What to do:
Each entry is to be repeated word for word, and the images are to be dropped.

Data to process START

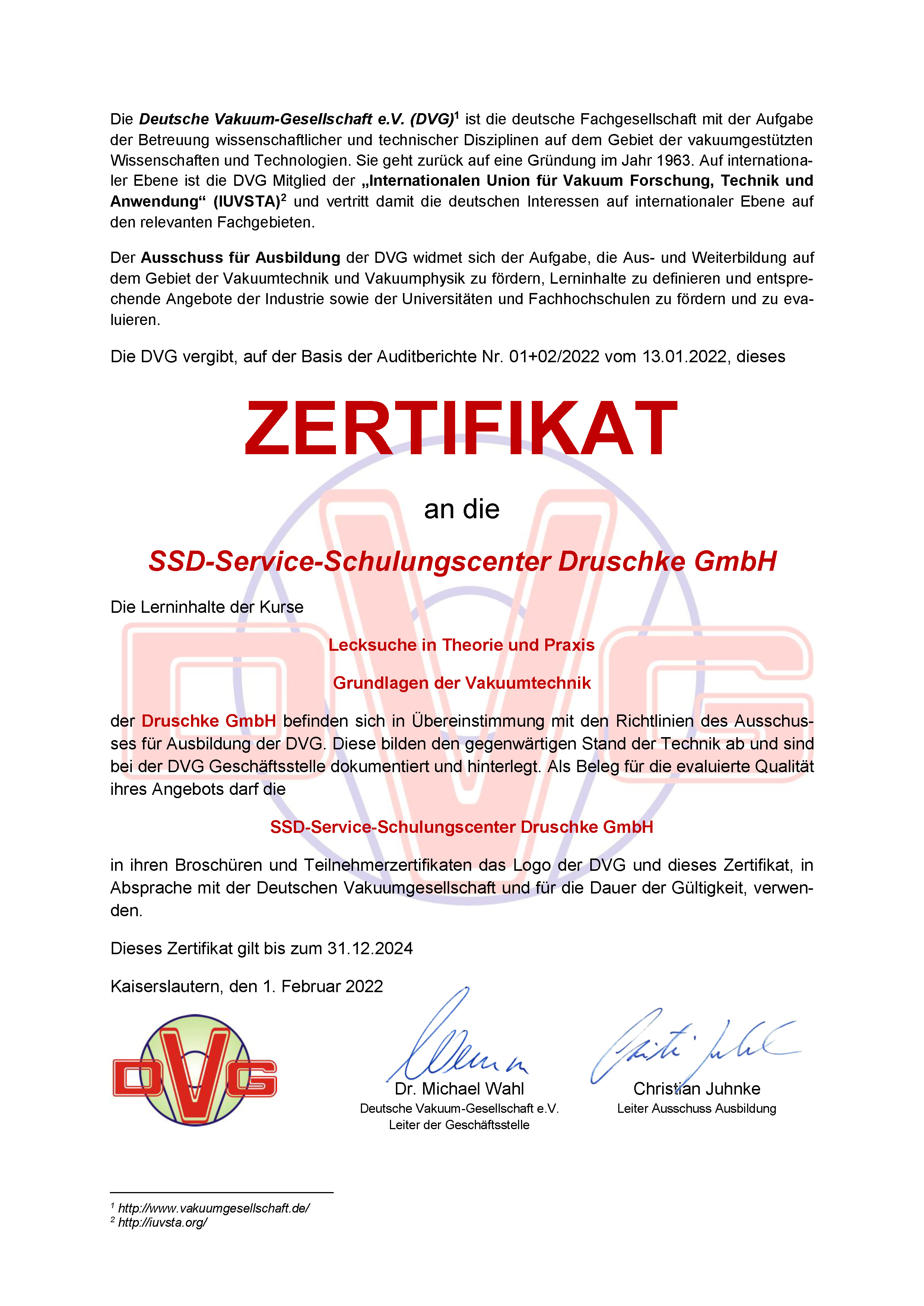 Nach der ersten Zertifizierungen der DRUSCHKE Vakuum-Schulung erfolgte 2022 eine Rezertifizierung des Grundlagenkurses und eine Neuzertifizierung der Kurses Vakuum-Lecksuche.
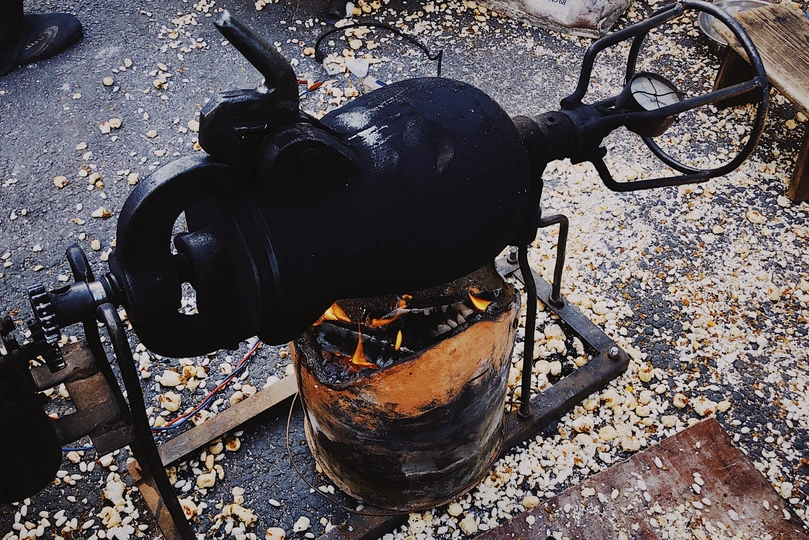 在后街遇到了爆爆米花的大爷。 这个大爷脾气不大好,有个大叔来买爆米花,挨个用手碰了碰,可能是想摸摸还热乎不。大爷凶凶地操着不知道哪里的口音说,你碰啥子碰都是上一锅刚爆出来滴今天根本不够卖,你买不买我要收摊捏。 大叔:买买买,买了买了。 我也跟着买了一袋,买完后大爷就真的收摊了,跟那些喊着清仓甩卖最后三天的虚假宣传不一样,大爷是真实诚。 爆米花也是真好次。
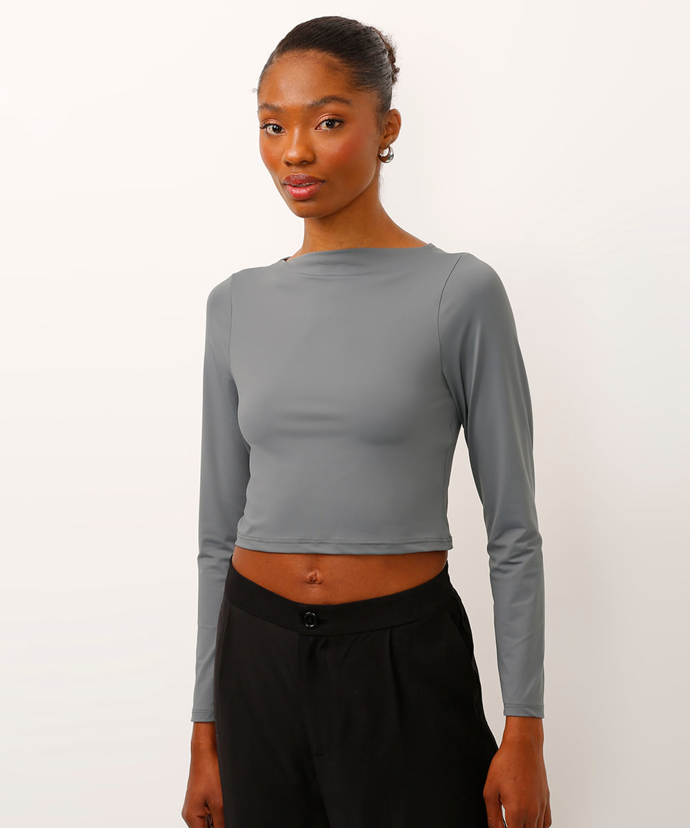 blusa cropped decote canoa manga longa cinza
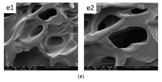 Scanning electron microscopy (SEM) images of (a) PTMG/PEG 100/0 (a1 100×, a2 200×), (b) PTMG/PEG 75/25 (b1 100×, b2 200×), (c) PTMG/PEG 50/50 ((c1) 100×, (c2) 200×), (d) PTMG/PEG 25/75 ((d1) 100×, (d2) 200×), (e) PTMG/PEG 0/100 ((e1) 100×, (e2) 200×).
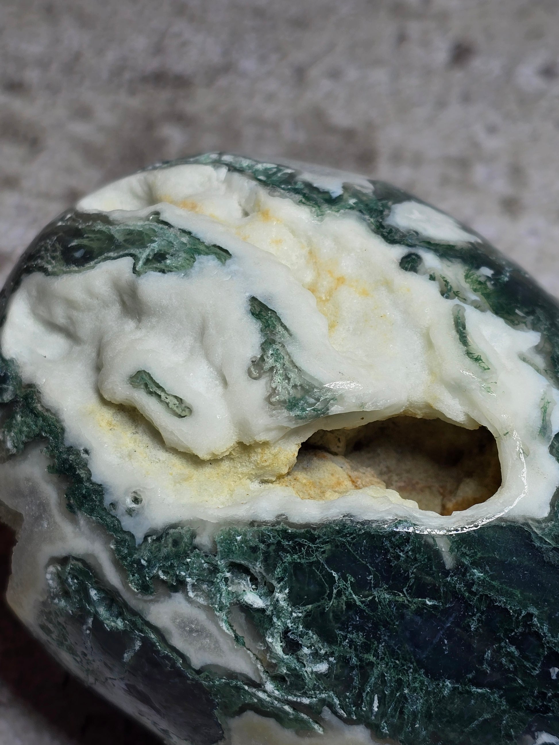 Detta större mossagatägg bär en tydlig närvaro och tyngd. De gröna, organiska mönstren påminner om mossa och växtlighet och för tankarna till naturens lugna, stadiga rytm.
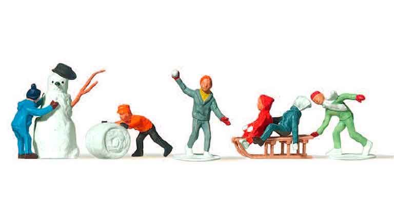 Масштабный модельный набор из окрашенных фигурок «Дети со снеговиком и санками» из пластика рекомендуется для диорам в масштабе 1/87 и железнодорожных макетов типоразмера Н0 (1:87). Окраска фигур не требуется (цвет, ассортимент и дизайн может отличаться от представленного на иллюстрации). Для установки фигурок рекомендуется использовать термоклей.
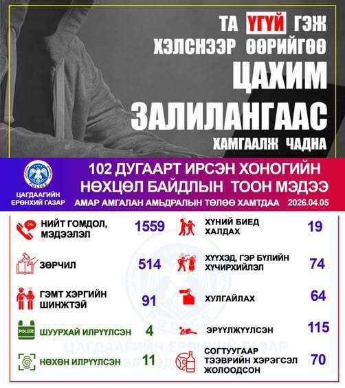 Цагдаагийн байгууллагын 102 тусгай дугаарт 2026 оны 04 дүгээр сарын 05-ны өдөр нийт 1559 дуудлага, мэдээлэл бүртгэгдсэнээс зөрчлийн шинжтэй 514, гэмт хэргийн шинжтэй 91 дуудлага, мэдээлэл байна.
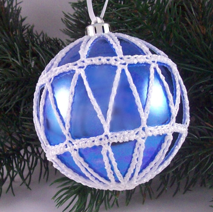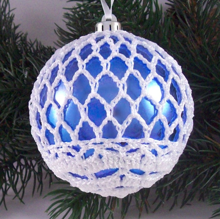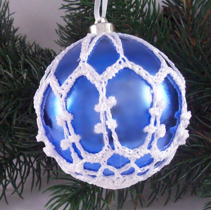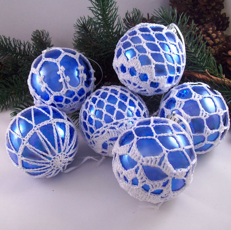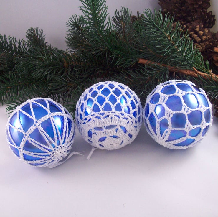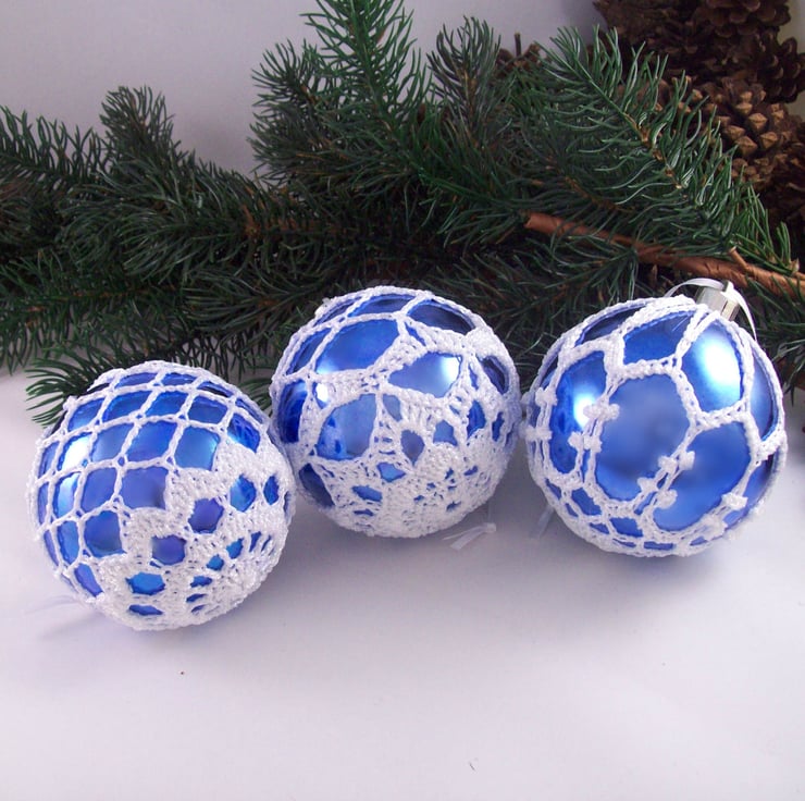 Discover the charm of this unique set of exquisite colbalt blue baubles, beautifully enhanced with hand-crocheted lace in a white colour of sparkly Twilleys Goldfingering—an enchanting addition to your Christmas tree!

Data to process END

Exercise result:
 Nach der ersten Zertifizierungen der DRUSCHKE Vakuum-Schulung erfolgte 2022 eine Rezertifizierung des Grundlagenkurses und eine Neuzertifizierung der Kurses Vakuum-Lecksuche.
 在后街遇到了爆爆米花的大爷。 这个大爷脾气不大好,有个大叔来买爆米花,挨个用手碰了碰,可能是想摸摸还热乎不。大爷凶凶地操着不知道哪里的口音说,你碰啥子碰都是上一锅刚爆出来滴今天根本不够卖,你买不买我要收摊捏。 大叔:买买买,买了买了。 我也跟着买了一袋,买完后大爷就真的收摊了,跟那些喊着清仓甩卖最后三天的虚假宣传不一样,大爷是真实诚。 爆米花也是真好次。
 blusa cropped decote canoa manga longa cinza
 Scanning electron microscopy (SEM) images of (a) PTMG/PEG 100/0 (a1 100×, a2 200×), (b) PTMG/PEG 75/25 (b1 100×, b2 200×), (c) PTMG/PEG 50/50 ((c1) 100×, (c2) 200×), (d) PTMG/PEG 25/75 ((d1) 100×, (d2) 200×), (e) PTMG/PEG 0/100 ((e1) 100×, (e2) 200×).
 Detta större mossagatägg bär en tydlig närvaro och tyngd. De gröna, organiska mönstren påminner om mossa och växtlighet och för tankarna till naturens lugna, stadiga rytm.
 Масштабный модельный набор из окрашенных фигурок «Дети со снеговиком и санками» из пластика рекомендуется для диорам в масштабе 1/87 и железнодорожных макетов типоразмера Н0 (1:87). Окраска фигур не требуется (цвет, ассортимент и дизайн может отличаться от представленного на иллюстрации). Для установки фигурок рекомендуется использовать термоклей.
 Цагдаагийн байгууллагын 102 тусгай дугаарт 2026 оны 04 дүгээр сарын 05-ны өдөр нийт 1559 дуудлага, мэдээлэл бүртгэгдсэнээс зөрчлийн шинжтэй 514, гэмт хэргийн шинжтэй 91 дуудлага, мэдээлэл байна.
 Discover the charm of this unique set of exquisite colbalt blue baubles, beautifully enhanced with hand-crocheted lace in a white colour of sparkly Twilleys Goldfingering—an enchanting addition to your Christmas tree!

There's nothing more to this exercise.